The toxin can thrive in improperly canned food.
- Follow any instructions carefully when canning food at home, or avoid canning food at home
- Boil home-processed foods for at least 10 minutes before eating, even if no signs of food spoilage are evident
- Do not taste canned food items to see if they are still good. Throw away any cans that are bulging, leaking, or appear damaged
- Keep potatoes that have been baked in foil hot until eaten
- Not give honey or corn syrup to infants under 12 months of age
- Ensure all foods are well-cooked
- Keep oils infused with garlic or herbs in a refrigerator
Boiling can destroy both the vegetative, or non-spore, form of the bacterium, and the toxin it produces.
However, while boiling for 10 minutes can kill the toxin, to destroy the spore form requires heating to at least 248 degrees Fahrenheit, or 120 degrees Celsius, under pressure, for at least 30 minutes in an autoclave or a pressure cooker.
This is because the spores are highly resistant to harsh environments, and they can remain viable even after several hours of normal boiling. The spores can be killed by very high temperatures such as those used in commercial canning.
The World Health Organization's (WHO) "Five keys to safer food" stresses the importance of:
- keeping clean
- separating raw and cooked food
- cooking thoroughly
- keeping food at safe temperatures
- using safe water and raw materials
This is important when people are traveling, especially to countries where access to clean water, hygiene, and refrigeration facilities may be limited.
Botulism cannot always be prevented. The toxin may be present in house dust, even after cleaning. Parents should be aware of any signs that a child is sick, and take early action as appropriate.
The most commonly tainted foods are:
- home-canned vegetables
- cured pork and ham
- raw or smoked fish
- corn syrup
For example, Home-canned foods and fermented fish and aquatic game from Alaska can be sources of the toxin.
Botulism does not grow in acidic foods with a pH of 4.5 or less.
Diagnosis of infant botulism is confirmed after testing a stool or specimen of enema. If the doctor suspects botulism, treatment with an anti-toxin should begin immediately, without waiting for test results to come back.

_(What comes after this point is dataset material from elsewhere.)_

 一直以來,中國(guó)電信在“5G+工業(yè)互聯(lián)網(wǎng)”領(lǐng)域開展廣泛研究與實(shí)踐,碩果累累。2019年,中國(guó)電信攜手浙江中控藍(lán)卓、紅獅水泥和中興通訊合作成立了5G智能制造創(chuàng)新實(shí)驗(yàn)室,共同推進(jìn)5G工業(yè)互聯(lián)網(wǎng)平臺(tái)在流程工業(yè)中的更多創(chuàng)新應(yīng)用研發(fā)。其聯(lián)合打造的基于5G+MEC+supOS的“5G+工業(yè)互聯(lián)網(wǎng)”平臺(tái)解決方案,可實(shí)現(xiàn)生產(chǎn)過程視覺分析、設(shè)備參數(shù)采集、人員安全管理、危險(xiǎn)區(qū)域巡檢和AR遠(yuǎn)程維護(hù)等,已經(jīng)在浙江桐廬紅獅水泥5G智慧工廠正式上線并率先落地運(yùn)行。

A lab can confirm the presence of botulism.
If the patient's history and physical examination suggest botulism, a doctor may consider it, but as other conditions share similar symptoms, a test will be needed to rule these out. Conditions with similar symptoms to botulism include stroke, myasthenia gravis, and Guillain-Barre syndrome.

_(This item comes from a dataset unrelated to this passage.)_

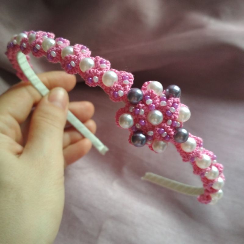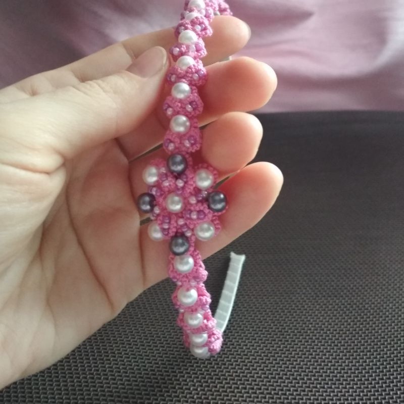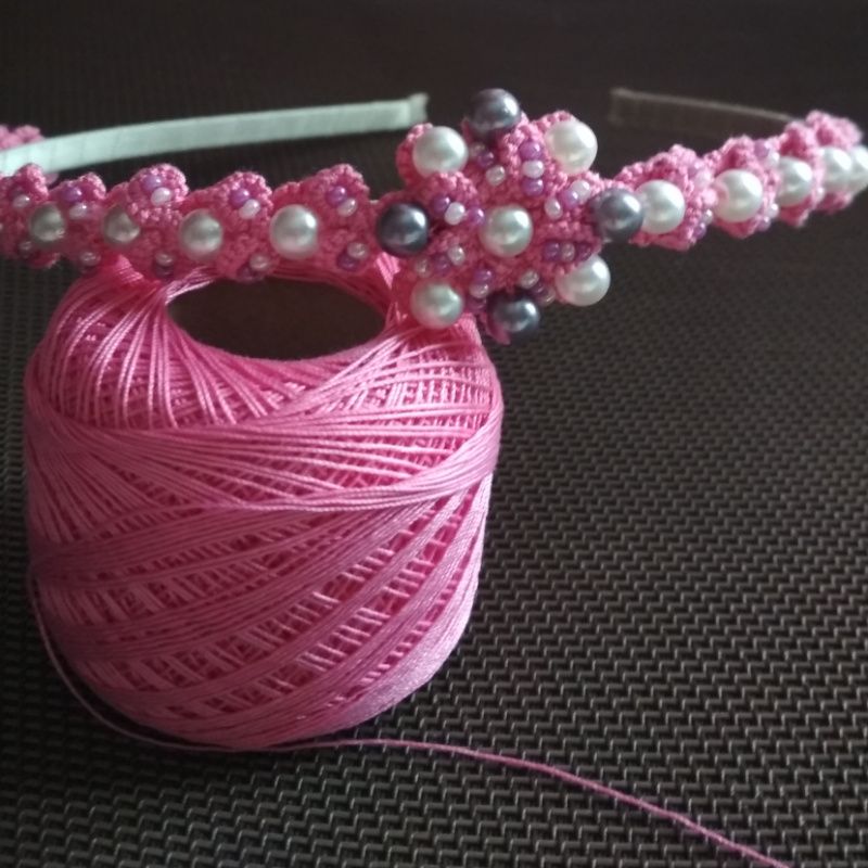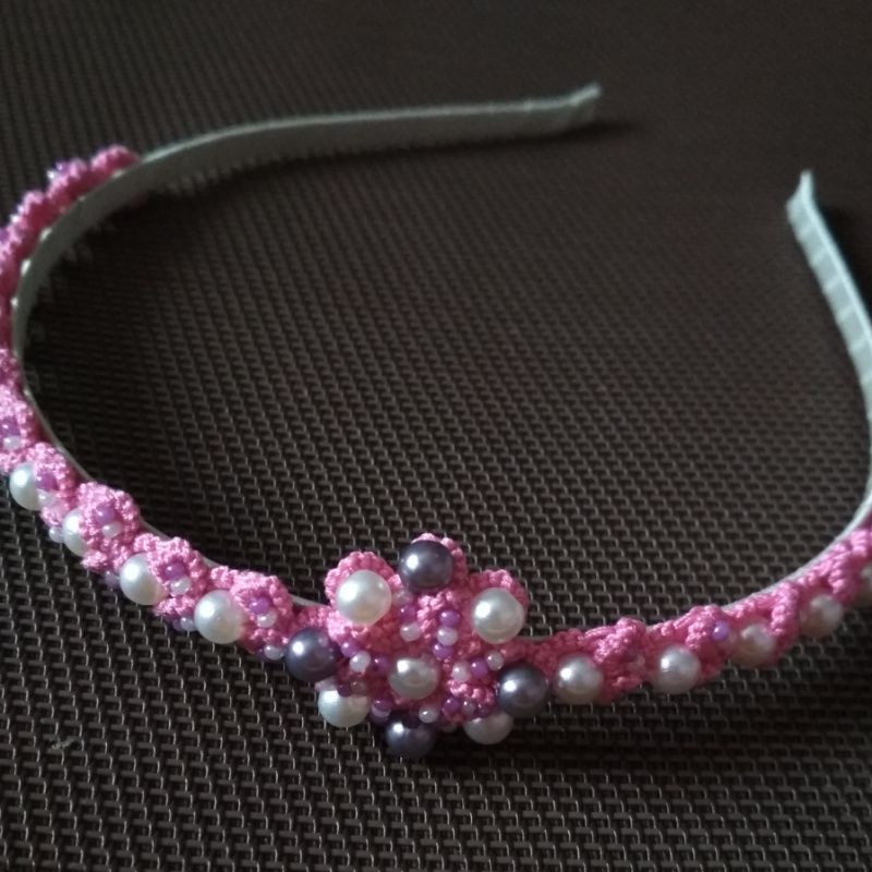 Мереживний обідок для волосся в техніці фриволіте. Прикраса для маленької принцеси! Можливий повтор в іншому кольорі.

Diagnostic tests may include:
- a brain scan
- cerebrospinal fluid examination
- edrophonium chloride test for myasthenia gravis
If the toxin is identified in the food, stomach, vomit, feces, or intestinal contents, a definitive diagnosis can be made.
In very acute cases the toxin might be detected in the blood.
Patients with botulism will need to be hospitalized.
Infants will be given Botulism Immune Globulin Intravenous-Human, also known as BIG-V or BabyBIG.
Those with respiratory problems will be on a ventilator, and they may need the ventilator for weeks or months, as well as intensive nursing. Over time, the paralysis may improve.
A patient with suspected botulism will immediately be given injections of antitoxins, even before diagnostic test results have returned.
If the infection results from a wound, the wound needs to be treated surgically. The area around the wound is removed, in a process known as debridement. Antibiotics may also be prescribed to prevent any secondary infection.
In most cases, infant botulism has no long-term effects. According to the NIH, fewer than 1 percent of infant cases in the U.S. are fatal. About 50 years ago, half of all patients with botulism died, compared to between 3 percent and 5 percent today.
Respiratory failure caused by botulism can result in death.
Patients with severe symptoms may need a breathing machine and sometimes intensive medical and nursing care for several months. Fatigue and shortness of breath may linger for many years.
Other illnesses may develop as a result of the patient's condition, and these are sometimes fatal.
A person who experiences paralysis may recover from botulism with the help of antitoxins, antibodies that can neutralize the toxin, but antitoxins will not cure any paralysis that has already occurred.